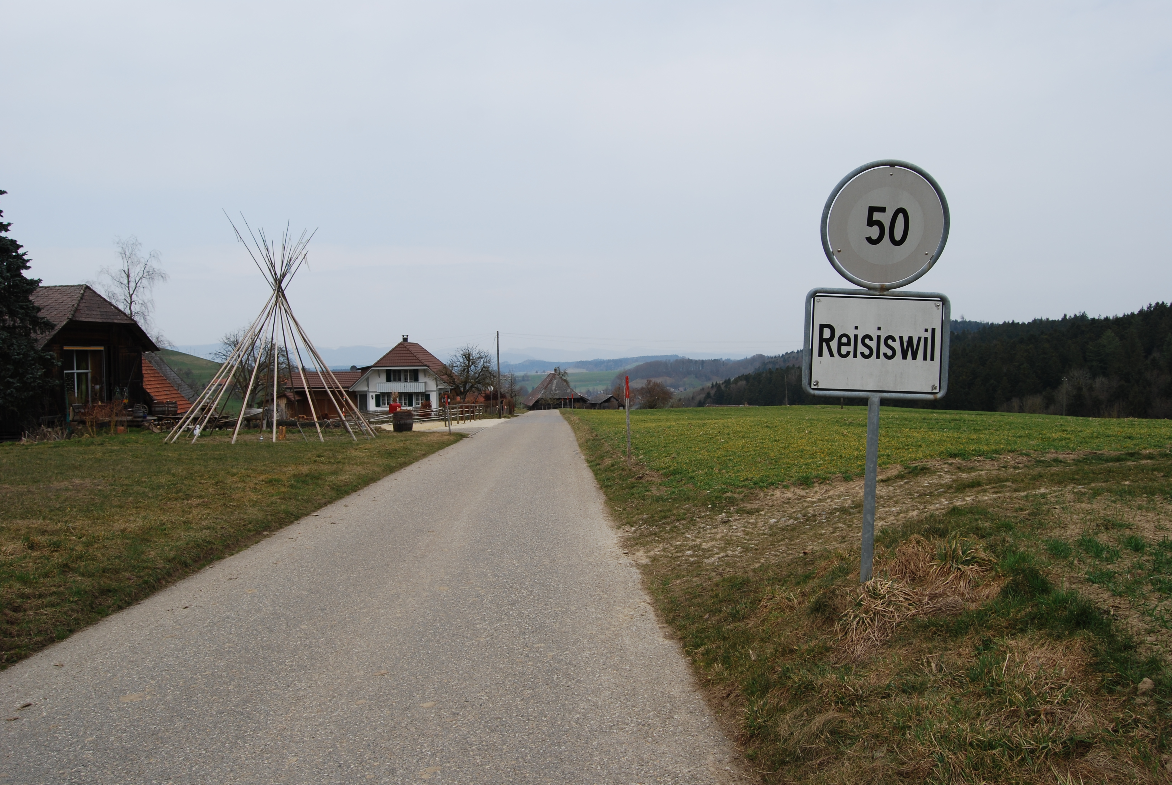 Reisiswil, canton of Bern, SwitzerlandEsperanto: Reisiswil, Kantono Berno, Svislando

——

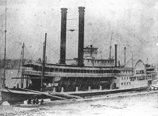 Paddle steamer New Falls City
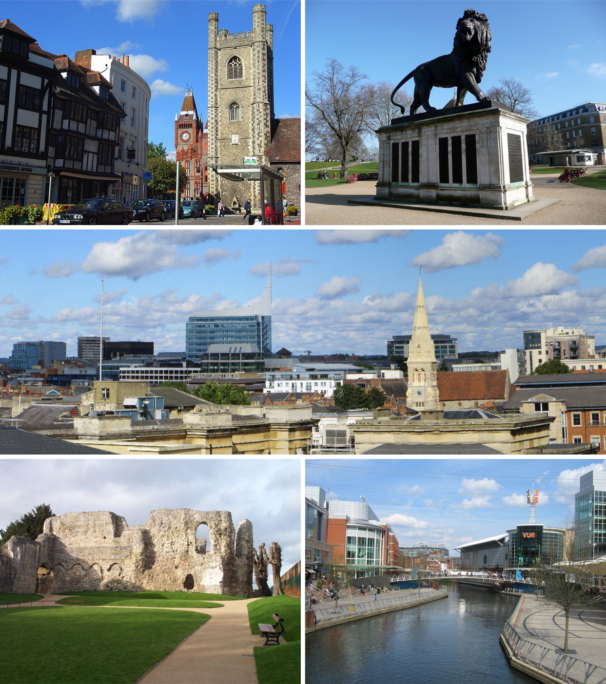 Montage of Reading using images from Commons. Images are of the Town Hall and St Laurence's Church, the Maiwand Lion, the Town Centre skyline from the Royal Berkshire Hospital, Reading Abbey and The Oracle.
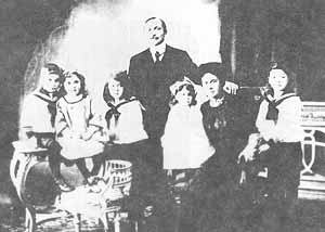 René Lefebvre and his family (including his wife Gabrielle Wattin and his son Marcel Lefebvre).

——

__INSTRUCTIONS TO FOLLOW__: What is needed is an exact copy of the lines above, from the one holding "Montage of Reading" down to the one holding "René Lefebvre and", with those two included and the pictures left out.

__OUTPUT BELOW__:
 Montage of Reading using images from Commons. Images are of the Town Hall and St Laurence's Church, the Maiwand Lion, the Town Centre skyline from the Royal Berkshire Hospital, Reading Abbey and The Oracle.
 René Lefebvre and his family (including his wife Gabrielle Wattin and his son Marcel Lefebvre).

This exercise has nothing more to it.